Kata Kunci: Pengadaan barang/jasa; Perpres 54/2010; pejabat pengadaan; Implementasi dan
Kompetensi
ABSTRACT
The importance of the competency for thr government officer of goods/sevices
procurements in the Bangkalan Regency to perform the procurement procedures in the Perpres
54/ 2010. The purpose of this research is to discuss the implementation of the Perpres 54/2010
and compatibility of its procurement government officers competency according to Perpres 54/
2010. The informant used was the procurement government officer in the Bangkalan Regency.

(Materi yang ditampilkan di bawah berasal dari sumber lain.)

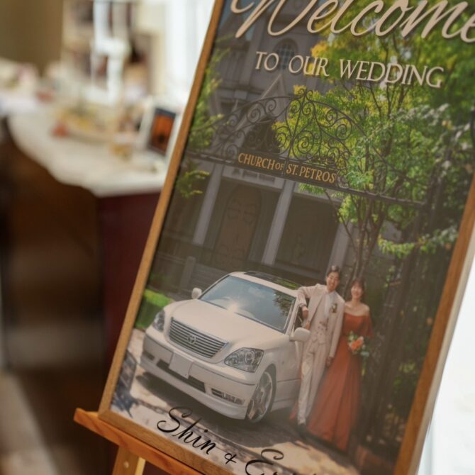 入口には、真さんの愛車が飾られゲストの皆さんを迎え入れました。また、ウェルカムスペースには、前撮りのカラードレス姿のお写真や温泉にちなんだのれんや桶などの温泉グッズを飾りましたね♪

The data collection method was direct interview with the informants and the analysys method
was phenomenology. The result of the discussion showed that the implementation of Perpres
54/2010 is still not fully implemented. Moreover, the level of the procurement government
officers are still in the low level which is shown by the pointment of procurement government
officers by the Mayor without considering their qualification and the realisation of the
procurement in the Regency of Bangkalan both goods and services which are still
disappointing.
Keyword: Procurement; Perpres 54/2010, Procurement Government Officers; Implementation;
and Competency
1. PENDAHULUAN
Pengadaan merupakan fungsi yang sangat penting dalam sebuah organisasi. Baik
dilihat dari besaran porsi anggaran atau dari banyaknya kasus pengadaan yang terjadi. Akibat
dari pengadaan yang tidak diatur dengan baik, maka bermunculan banyak kasus di bidang
pengadaan. Mengetahui dan Mengingat alokasi dana yang cukup besar untuk pengadaan
barang/ jasa, maka sudah sepantasnya hasil yang didapat juga harus maksimal, namun
kenyataan di lapangan menunjukkan hasil pengadaan barang/jasa pemerintah Kabupaten
Bangkalan tidak sesuai dengan harapan, hal ini dapat dilihat dari 1) hasil temuan BPK tahun
2004, 2008 dan 2009 atas ketidaksesuaian pengadaan barang/jasa 2) realisasi aggaran untuk
pengadaan barang/jasa yang tidak relevan 3) hasil observasi peneliti terhadap beberapa sarana
dan prasarana umum terhadap pengadaan barang/jasa pemerintah Kabupaten Bangkalan.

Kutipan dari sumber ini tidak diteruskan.